Question

How do you simplify $7\sqrt {600} $ ?

Answer 1

Hint: In this question, we have been asked to simplify a square root. Start by finding the prime factors of the number. Make the pairs of the prime factors, if possible. Those numbers, whose pairs are made, take one number out of each pair and write their product out of the square root. If any number is left, whose pairs cannot be made, multiply them and write their product in the square root.

Complete step-by-step solution:
We are given a square root and we have to simplify it.
Let us find its prime factors. Note that we will find the prime factors of only the number inside the square root.
Using prime factorisation method,
$\begin{array}{*{20}{c}}
  {2\left| \!{\underline {\,
  {600} \,}} \right. } \\
  {2\left| \!{\underline {\,
  {300} \,}} \right. } \\
  {2\left| \!{\underline {\,
  {150} \,}} \right. } \\
  {3\left| \!{\underline {\,
  {75} \,}} \right. } \\
  {5\left| \!{\underline {\,
  {25} \,}} \right. } \\
  {5\left| \!{\underline {\,
  5 \,}} \right. } \\
  {{\text{ }}1}
\end{array}$
Now, we can write $600 = 2 \times 2 \times 2 \times 3 \times 5 \times 5$.
Next step involves forming pairs of the prime factors.
$ \Rightarrow 600 = \left( {2 \times 2} \right) \times 2 \times 3 \times \left( {5 \times 5} \right)$
Now, those numbers whose pairs are available, will be written outside the square root and those numbers whose pairs cannot be made, will be written inside the square root.
Since the pairs of $2$ and $5$ are available, we will find their product and we will write the product outside the square root.

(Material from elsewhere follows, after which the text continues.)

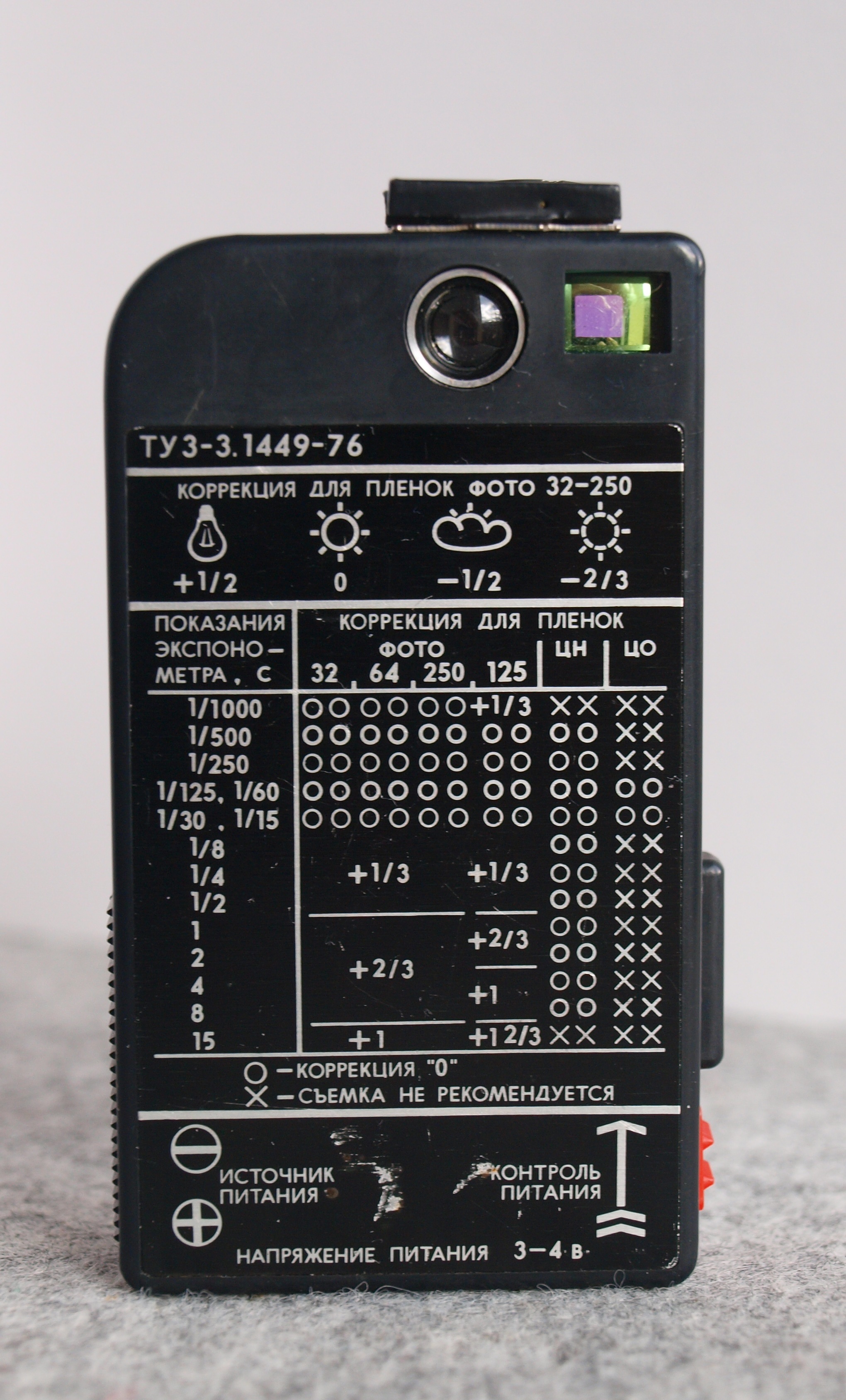 Po zastosowaniu takich samych wymiarowo baterii LR-9 o napięciu 1,5 V błąd sięgał nawet 2 EV, w dodatku zależał od oświetlenia - rósł z jego spadkiem.

And since the pairs of $2$ and $3$ are not available, we will find their product and we will write the product inside the square root.
Therefore, $7\sqrt {600} = 7 \times 2 \times 5\sqrt {2 \times 3} $
Simplifying it to find the answer
$ \Rightarrow 7\sqrt {600} = 70\sqrt 6 $

$70\sqrt6$ is the required answer.

Note: Instead of prime factorisation, we can also write $600 = 6 \times 100 = 6 \times {10^2}$. Then, we will simply have to write $10$ outside the square root and $6$ inside the square root. Though this method is applicable everywhere, it is easy only when you can differentiate the complete square from the given number. So, prefer prime factorisation to be on the safer side.